Background information
- Born: Wayne Rhoden
- Origin: Pleasant Farm, St. Catherine, Jamaica
- Genres: Family Music, Children’s Music, Kindie rock, Reggae, Ska, Pop, Reggaeton, Folk
- Occupations: Producer, Songwriter, Artist
- Instruments: Vocals, Turntables
- Years active: 1982 – 2024
- Website: goosehut.com

= Wayne Rhoden =

Wayne Rhoden was a music producer, singer, songwriter, sound engineer and video editor/director who is professionally known as the artist Father Goose Music, was the winner of the 18th Annual Independent Music Awards and the Grammy Awards with the group “Dan Zanes and Friends” also Nominated for the 64th Grammy Awards for Best Children's Album with the group 1 Tribe Collective and he was also known as Rankin Don and Don Chibaka. Seen on the Disney Channel, he also peaked at # 7 on the Billboard Reggae Chart.

== Biography ==
Wayne Rhoden, known professionally as Father Goose, was a Jamaican-born producer, singer, and songwriter.

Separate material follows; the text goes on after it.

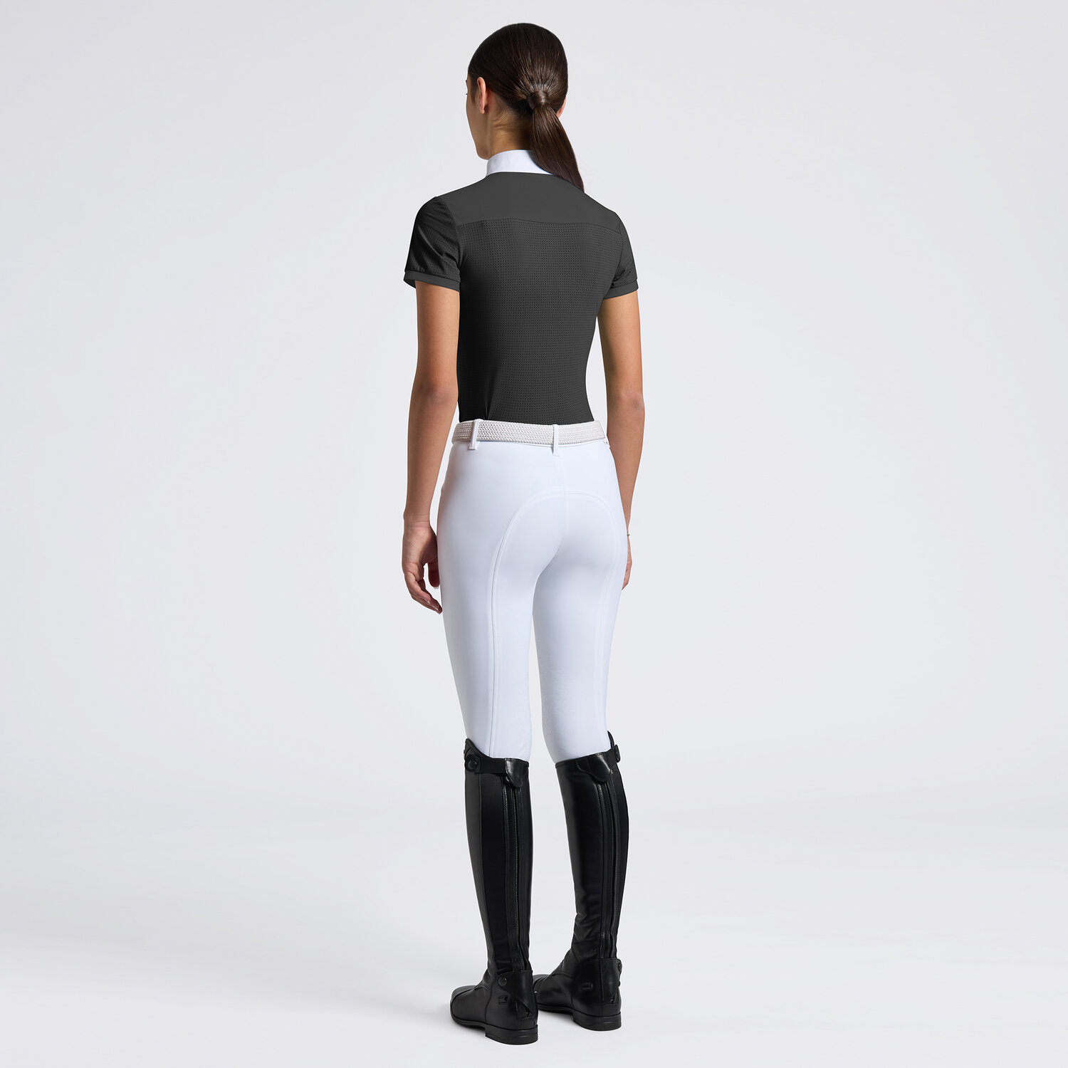 Поло для соревнований с короткими рукавами для девочек сочетает в себе функциональность и стиль, что делает модель идеальной для юных всадниц. Поло изготовлено из легкой ажурной трикотажной ткани, обеспечивает максимальную воздухопроницаемость и комфорт во время соревнований. Модель украшена элегантными перфорированными вставками и изысканным воротником со скрытыми пуговицами для сдержанного и утонченного образа.

He made a name for himself in the underground circuit in Jamaica and on the streets of Brooklyn, New York under the personas of Rankin Don
and Don Chibaka.
As Father Goose
he performs children's music, Kindie rock, and reggae-fied nursery rhymes, often in the “Dan Zanes and Friends” ensemble, including in a series of Disney videos entitled “House Party Time.”

=== Early life ===
Wayne Rhoden was born in Linstead, Jamaica to Joyce and James Rhoden and grew up in Jamaica / New York / Florida. Like many musical artists, his debut performance occurred at a young age. He recalls that his first singing performance happened at the age of five, using his family and friends as his audience. On subsequent occasions, he would serve as DJ for parties thrown by his parents.
Later he performed in a PTA-hosted Ash Wednesday fundraising fair at his Ewarton grade school.

He attended Erasmus High School in Brooklyn, New York, and then went on to pursue a career in electrical engineering. But as fate would have it, he was drawn to his first love, music.

=== Musical career ===
In the 1980s as Rankin Don he recorded the hits Can't Find Me Love and Baddest DJ
and in the 90s the Real McCoy, Black Queen, and Green Card. He was later introduced to producers who urged him to
record for the mainstream labels. He has performed at concerts
with some well-known artists including, Rosanne Cash, Suzanne Vega, Gregory Isaacs,
Grammy nominees Beres Hammond and Freddie McGregor; and past
Grammy winners Shabba Ranks, Shaggy, and Beenie Man.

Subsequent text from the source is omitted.